Records for this exercise:

- Opening Delimiter -

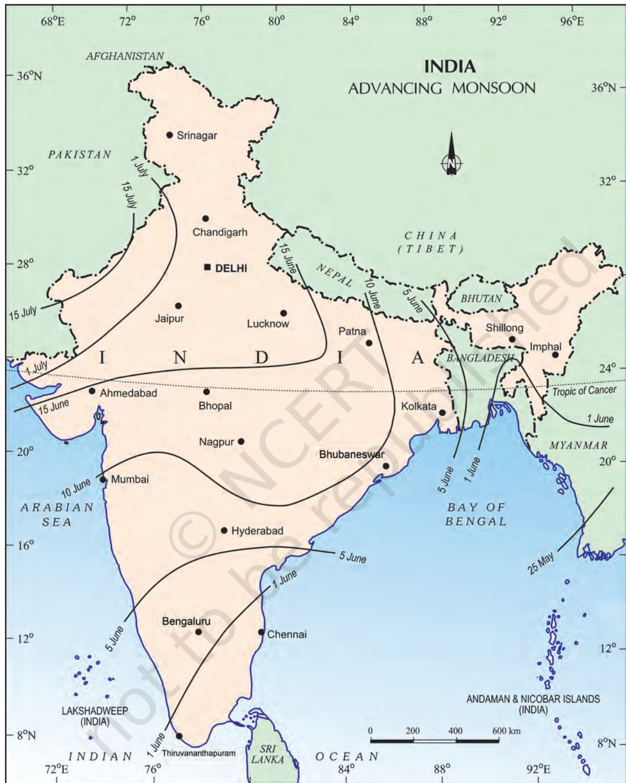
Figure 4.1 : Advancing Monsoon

- Closing Delimiter -
- Opening Delimiter -

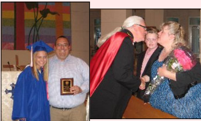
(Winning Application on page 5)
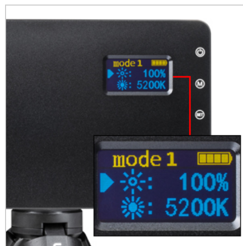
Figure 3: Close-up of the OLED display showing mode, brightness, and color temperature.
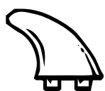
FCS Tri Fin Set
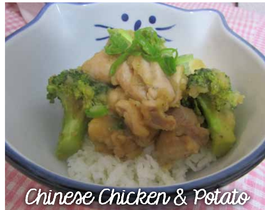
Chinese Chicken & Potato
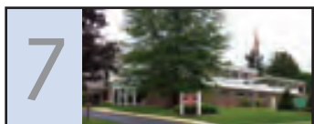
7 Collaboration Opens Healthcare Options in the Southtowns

- Closing Delimiter -

Your objective: Transcribe only this stretch of the data: the line with "Chinese Chicken & Potato", the line with "7 Collaboration Opens", and every line in between. Leave out the pictures.

Task response:
Chinese Chicken & Potato
7 Collaboration Opens Healthcare Options in the Southtowns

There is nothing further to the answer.